--- Given entries ---

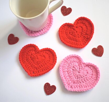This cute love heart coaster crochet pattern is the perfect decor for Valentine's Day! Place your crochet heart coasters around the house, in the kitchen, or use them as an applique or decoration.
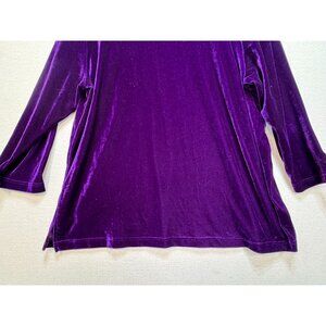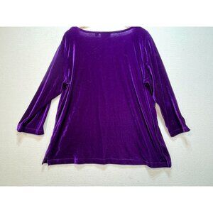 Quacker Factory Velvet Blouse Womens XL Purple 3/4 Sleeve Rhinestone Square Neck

---
--- Given entries ---

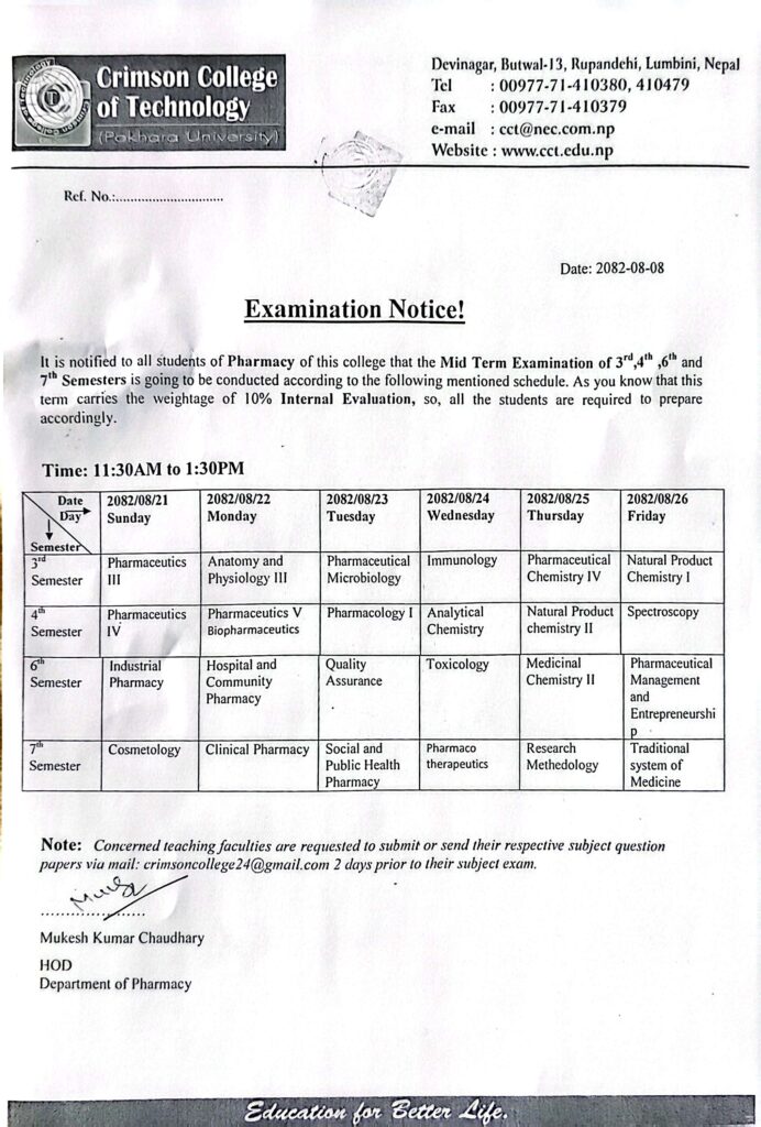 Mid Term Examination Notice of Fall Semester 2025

---

Exercise ▸
Give back exactly the lines above that run from the one with "This cute love" to the one with "Quacker Factory Velvet", including both, with the pictures left out.

Expected answer ▸
This cute love heart coaster crochet pattern is the perfect decor for Valentine's Day! Place your crochet heart coasters around the house, in the kitchen, or use them as an applique or decoration.
 Quacker Factory Velvet Blouse Womens XL Purple 3/4 Sleeve Rhinestone Square Neck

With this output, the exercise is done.